BACKGROUND OF INVENTION [0002] Composite board products used in construction applications such as particleboard, medium density fiberboard, oriented strand board and the like have been produced for many years and their method of manufacture is well known in the industry.

[0003] The primary component of these composite materials is a natural fibrous material. In forming the board product the fibrous material typically is combined with a minor amount of resin and a waxy composition, formed into sheets and subjected to pressure and heat.

[0004] In selecting wax compositions for use in construction board applications the focus has theretofore been placed on oil content and stream grade or viscosity range, i. e. , the SUS viscosity at 100°F. This viscosity typically is given as a"Neutral"member, e. g., 100N, 300N etc. In any event, previous studies, using both emulsions and neat applications of waxes have shown trends indicating improved board properties with lighter stream grade waxes, e. g. , below grade 30 (550N) and for waxes with lower oil content. For example"The Effect of Wax Type and Content on Waferboard Properties", Hsu, et al, International Particleboard/Composite Materials Symposium, April 3-5, 1990, pp. 85-93 discusses waferboard swelling in response to 0 to 45% wax content and 0 to 30 wt% oil content; and USP 6,183, 849 discloses preparing composite boards using waxes with oil content greater than 30 wt%.

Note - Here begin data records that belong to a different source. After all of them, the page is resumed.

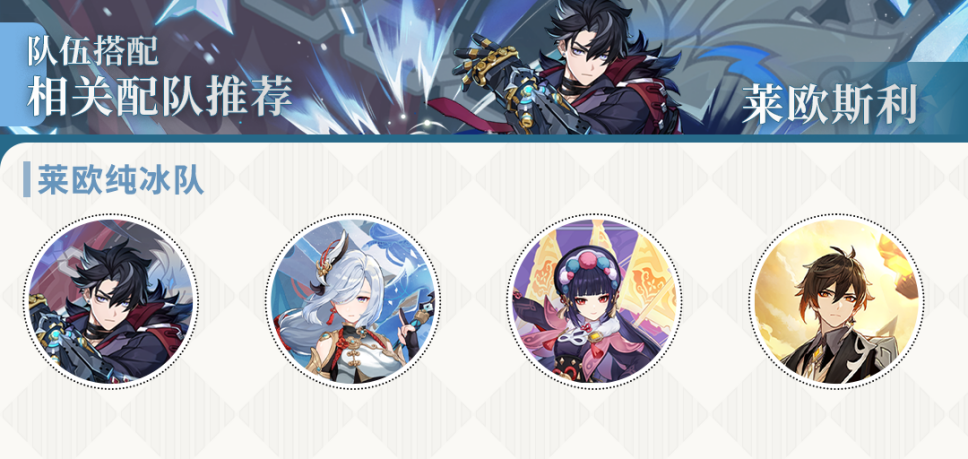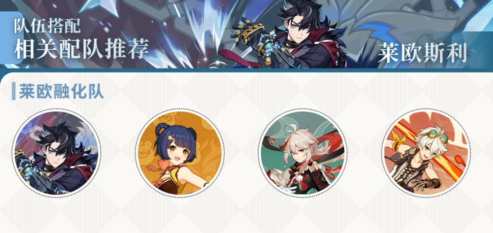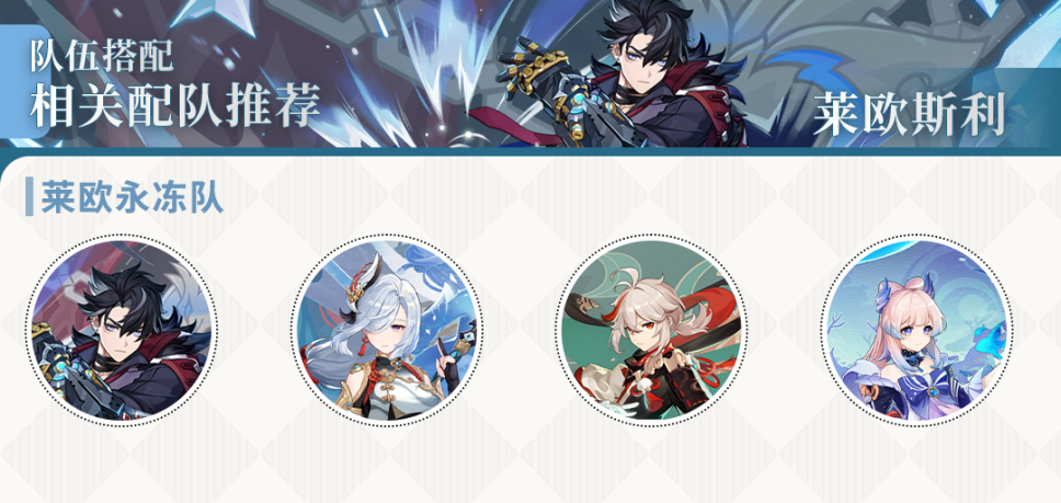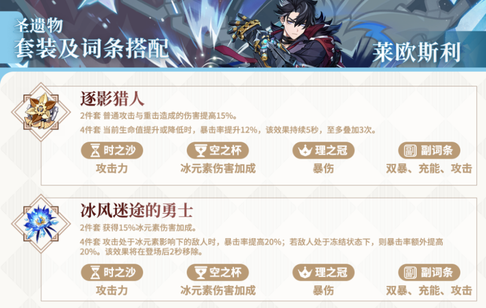 鉴于莱欧斯利是枫丹角色,且有枫丹特色烧血和自回血,因此第一建议当然是【逐影猎人】套装。解析:完全适配莱欧斯利的圣遗物套装,无论是融化队、永冻队还是纯冰队都完美发挥。解析:部分适配莱欧斯利,在永冻队中最优先推荐的圣遗物套装。遗憾的是不适合莱欧融化队,在面对某些自挂元素的怪物(如小马珍珠)时几乎是白板。※针对莱欧斯利的套装推荐,我们给您的主词条选择建议是:【时之沙】攻击力【空之杯】冰伤加成【理之冠】暴击伤害【暴击率>暴击伤害>攻击力≈元素精通(融化队)≈元素充能效率(130%+)】前文已经提到莱欧斯利当前有融化、永冻和纯冰三种上限较高的玩法。此外莱欧斯利还可以作为超绽(纳行久)的驾驶员,下限稳定,具体不再赘述。解析:类似万达的玩法,不同的是这套配队打得是融化反应。莱欧斯利普攻遵循2.5s/3hit弱冰附着的规律,大招共能触发两次融化,重击则是次次融化。此外,还可以把香菱换成纳西妲,变成燃烧融化队。莱欧斯利享受草神和万叶的精通加成,可以进一步提高莱欧斯利的融化伤害。输出手法:莱欧斯利E+5AZ*3(5次普攻+1次重击,共循环三轮),可通过冲刺取消重击后摇。如果氪佬有满命申鹤,这个配队上限会进一步拔高。申鹤六命效果是普攻重击不再消耗冰翎,对莱欧斯利来说,几乎相当于白嫖了十几拳冰翎加成(但冰翎自身存在持续时间限制且大招仍会消耗,因此依然需要申鹤长E补冰翎)。没有申鹤的旅行者可以使用米卡,米卡在莱欧队中的作用是攻速拐。别小看米卡给的攻速加成,他能让莱欧斯利在强化普攻的持续时间内多打好几拳,是实打实的伤害提高。输出手法:莱欧斯利E+5AZ*n(米卡、专武、一四命均可提升莱欧斯利强化普攻次数),可通过冲刺取消重击后摇,有大放大。冰元素辅助申鹤,和普攻辅助云堇的组合,可以极大提升莱欧斯利的强化普攻伤害。队伍触发双冰共鸣和双岩共鸣加成,提升暴击率和伤害加成。这个配队申鹤同样可以换米卡,米卡和满命云堇都可以提升莱欧斯利的攻击速度,配合专武的攻速提升,莱欧瞬间化身白金之星欧拉欧拉欧拉。输出手法:莱欧斯利E+5AZ*n(满命云堇、米卡、专武、一四命均可提升莱欧斯利强化普攻次数),可通过冲刺取消重击后摇,有大放大。全文较长,辛苦各位旅行者一路阅读到此,给看到这里的小伙伴们点个赞!本文到此结束,不耽误大家给公爵大人刷材料的时间了~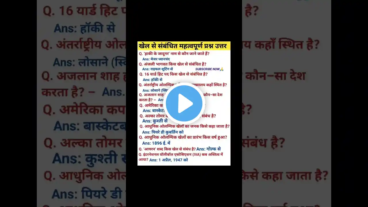 Jharkhand GK PYQ ll Jharkhand Sports - Players PYQ + Most Expected Question. By Smriti Mam #exam #studywithsmriti #ias Download to enroll in the course 👇👇👇 APP LINK* -https://bit.ly/3SMSVnK 📞 Call:-6200398012, 7485840564, 9905917516 OUR OFFICIAL TELEGRAM CHANNEL-https://t.me/studywithsmritigroup2 ☎️ADMISSION HELPLINE NO--6200398012, 7485840564, 9905917516 Whatsapp Channel-whatsapp.com/channel/0029VayN9US35fLr33xjJI0T 🌎Visit our website-https://studywithsmriti.com/ 10:00 am Daily Class Playlists-https://bit.ly/3WZMLTE Jharkhand Gk (Daily Class 8:00PM)- https://bit.ly/4fMFI8b #jharkhandgk #jharkhandcgl #jssccglexam #gk #education #jharkhandcgl #jharkhandjpsc #exciseconstable #studywithsmriti #shorts
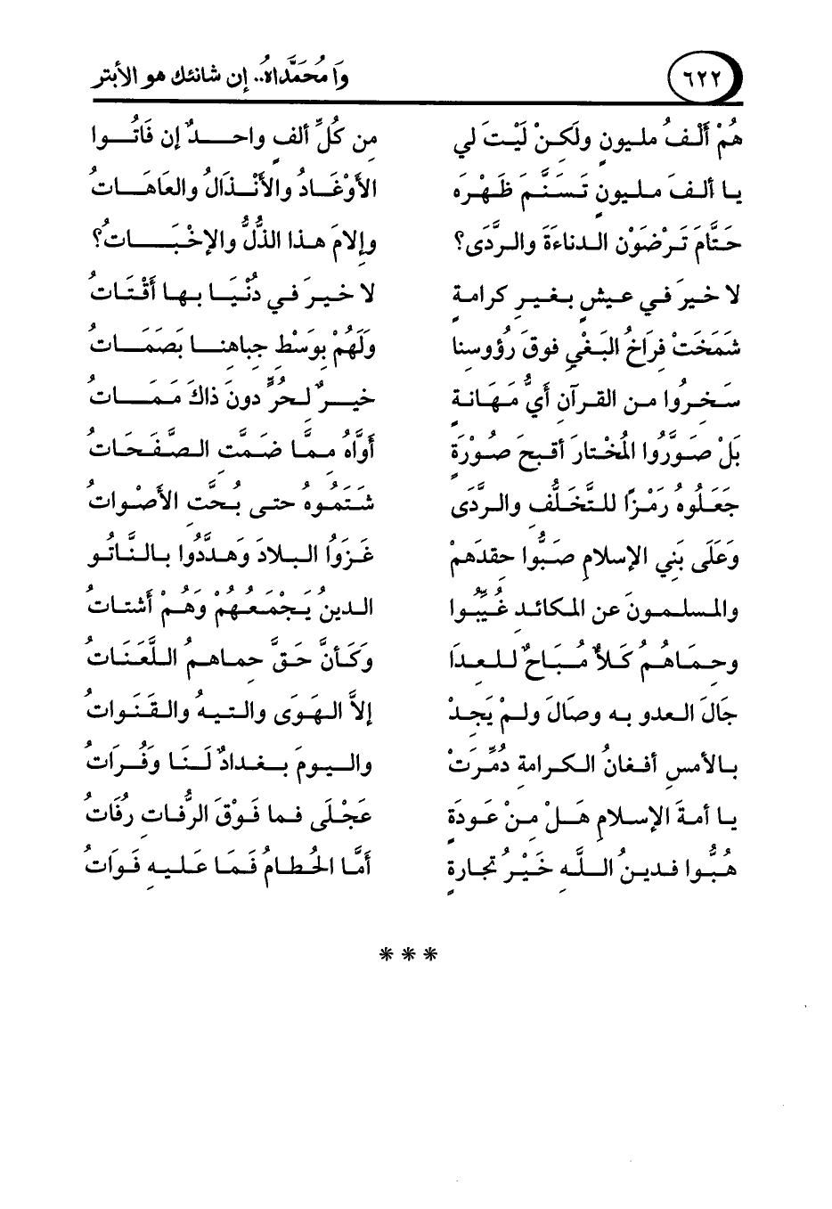 يا أمةَ الإسلامِ هَلْ مِنْ عَودَةٍ ... عَجْلَى فما فَوْقَ الرُّفاتِ رُفَاتُ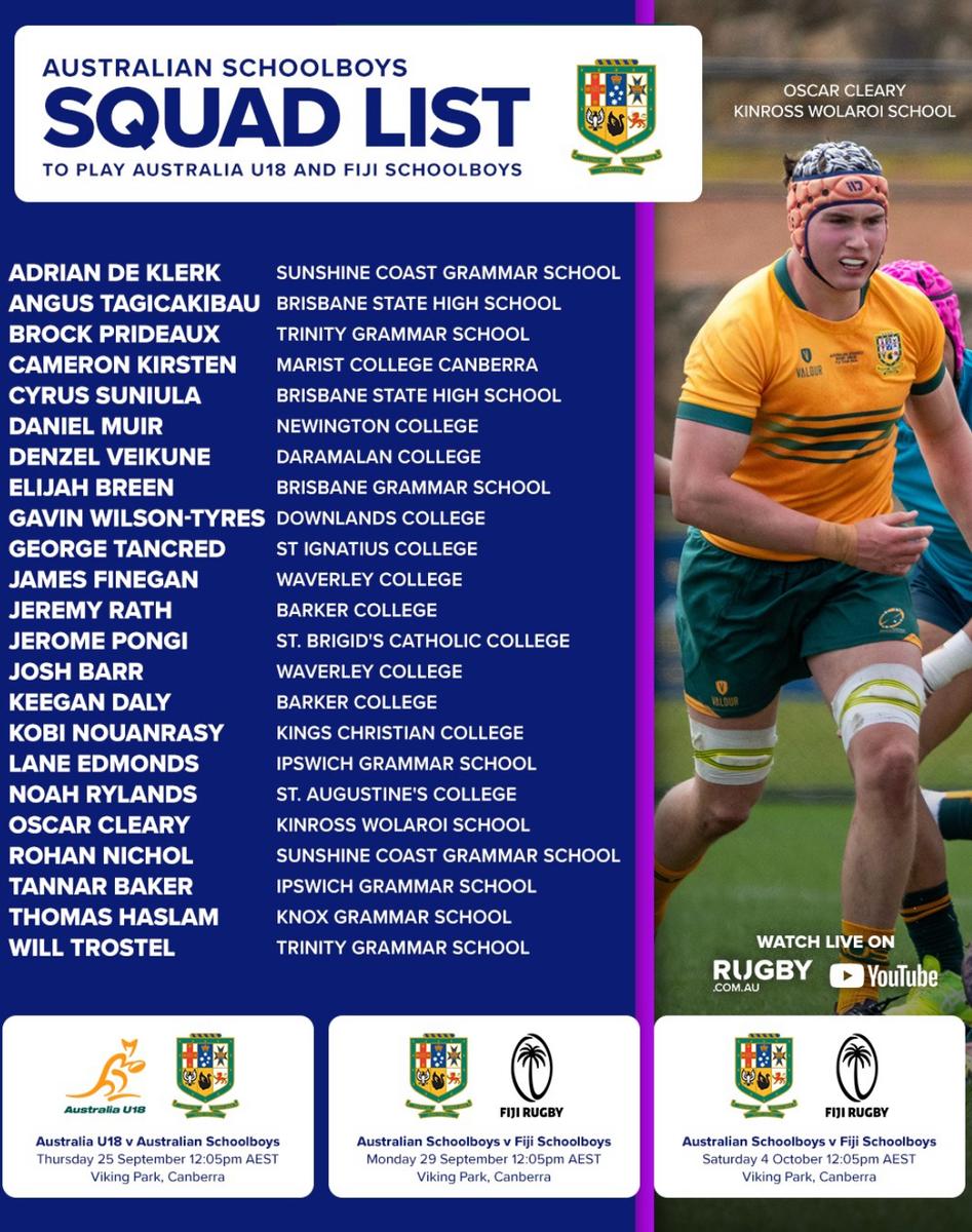 Huge congratulations to Oscar Cleary on his selection in the 2025 Australian Schoolboys Rugby squad. A back to back honour, this marks Oscar's second consecutive year in the side - a testament to his talent, hard work and leadership. An incredible achievement that makes the whole KWS Community proud and we look forward to following his journey in the green and gold.

[0005] Experience has shown that use of low wax stream grades, i. e. , grades below 30 (550N) in producing composite boards, board quality and performance typically is fine; however, when using high wax stream grade, i. e. , above about 30 (550N) problems with board quality often are encountered. This is particularly troublesome since it often is desirable to employ higher grade stream waxes for safety and environmental reasons. For example, in the production of oriented strand boards heavy steam grade waxes are desirable to minimize volatility in presses that typically operate at over 400°F (205°C).

[0006] Consequently, there is a need to be able to predict the suitability of a wax composition for composite board manufacture, and to be able to adjust the wax composition, if needed, to be suitable for such board manufacture. Also, there is a need to be able to adjust the volatility of wax compositions to be used in construction board applications to meet emission requirements. Additionally, the ability to blend numerous product streams into a suitable wax composition offers suppliers flexibility in meeting market needs. The present invention is directed to these and other needs.

SUMMARY OF INVENTION [0007] Very simply, the present invention is based on the discovery that the n-paraffin content of a wax composition is the key compositional parameter for waxes used in construction board and this n-paraffin content should be at least 21 wt% for the wax composition to be suitable. Thus the suitability of a wax for construction board applications can be determined based on its n-paraffin content, and blends of waxes and oils and oils can be composed to meet the required n-paraffin content.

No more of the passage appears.